There is too little time being spent thinking about the possible benefits of artificial intelligence, such as the acceleration of research around cancers and Alzheimer’s disease it could help yield.

If we pull the handbrake and heavily regulate artificial intelligence, you can guarantee the Russians, Chinese, North Koreans and various other states won’t.

We have to go with it and use it where we feel it benefits the greater good.

Progress, however quick, has happened before, and we came out it in a better place.

I grew up in the North East in the 1970s when the mines, steelworks and shipyards were closing down.

It was a hard time, and many of my generation were left behind and didn’t recover.

I chose to leave and seek experience elsewhere, and when I returned ten years ago, the region had been transformed beyond all recognition.

This cycle of decline and renewal of economies has always happened.

Artificial intelligence will only make us all obsolete if we let it.

The development of artificial intelligence and the powerful machine learning models that drive it has limitations; the available processing power and the available electricity to drive the servers it resides on provides an initial buffer to any ‘rise of the machines’.

We humans will always have control.

Much as the fictional, all powerful, humanity exterminating Daleks could be defeated by the humble staircase, if artificial intelligence spins out of control, we have the means to stop it.

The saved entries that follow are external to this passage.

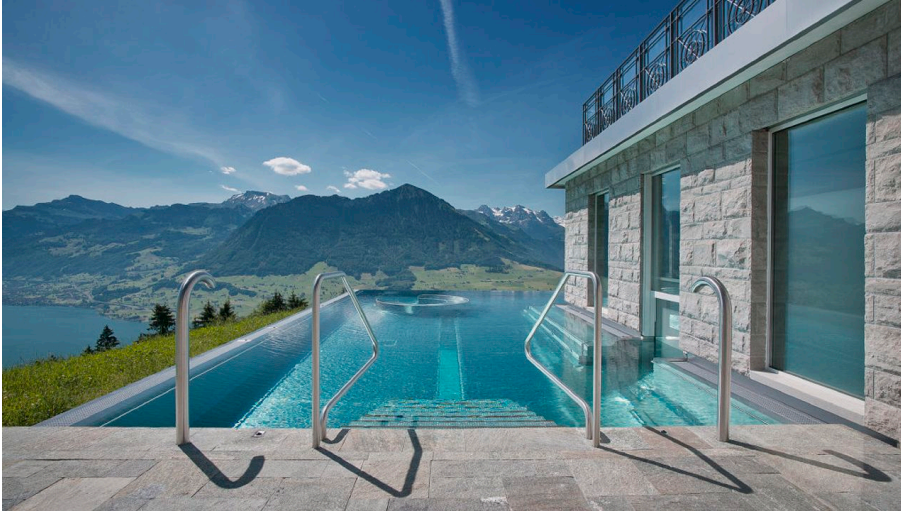
Piscine extérieure de l'hôtel Villa Honegg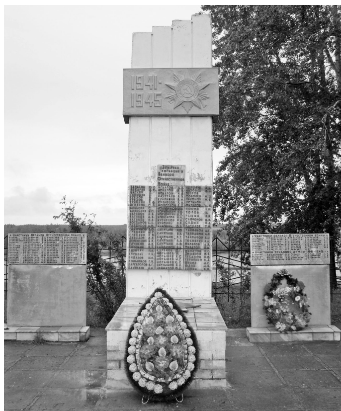
А. Хомяков омсум кев хурас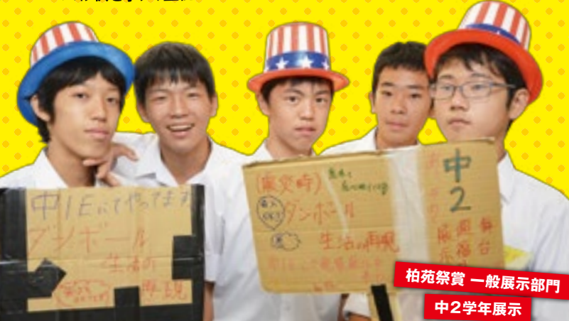
柏苑祭賞 一般展示部門 中2学年展示

Every server needs a humble kettle lead to keep it running, and if things go wrong we can simply pull the plug, which would lead to some kind of lame version of a classic Schwarzenegger flick.

A bigger threat to humanity, in my opinion, is social media and the havoc it continues to wreak on the fabric of society.

It needs regulating, though is probably already at a point where we should shut it down.

The collective sigh of relief heard around the world from doing so would be deafening.